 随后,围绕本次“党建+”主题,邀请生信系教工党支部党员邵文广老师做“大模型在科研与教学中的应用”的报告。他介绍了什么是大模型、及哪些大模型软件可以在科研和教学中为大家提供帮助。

——————————

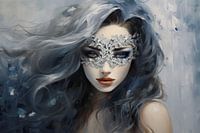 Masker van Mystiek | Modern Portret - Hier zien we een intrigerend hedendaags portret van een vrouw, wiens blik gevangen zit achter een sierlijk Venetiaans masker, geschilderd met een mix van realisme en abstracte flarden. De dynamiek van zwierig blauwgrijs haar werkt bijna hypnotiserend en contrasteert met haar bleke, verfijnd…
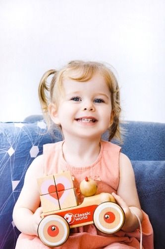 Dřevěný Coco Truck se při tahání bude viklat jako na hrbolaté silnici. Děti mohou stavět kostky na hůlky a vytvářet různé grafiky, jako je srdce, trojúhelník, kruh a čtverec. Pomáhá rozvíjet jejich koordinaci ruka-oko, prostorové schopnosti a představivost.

——————————

**PROBLEM**
Start at the line containing "Masker van Mystiek" above and stop at the line containing "Dřevěný Coco Truck". Output those lines exactly, both included, but none of the pictures.

**EXERCISE ANSWER**
 Masker van Mystiek | Modern Portret - Hier zien we een intrigerend hedendaags portret van een vrouw, wiens blik gevangen zit achter een sierlijk Venetiaans masker, geschilderd met een mix van realisme en abstracte flarden. De dynamiek van zwierig blauwgrijs haar werkt bijna hypnotiserend en contrasteert met haar bleke, verfijnd…
 Dřevěný Coco Truck se při tahání bude viklat jako na hrbolaté silnici. Děti mohou stavět kostky na hůlky a vytvářet různé grafiky, jako je srdce, trojúhelník, kruh a čtverec. Pomáhá rozvíjet jejich koordinaci ruka-oko, prostorové schopnosti a představivost.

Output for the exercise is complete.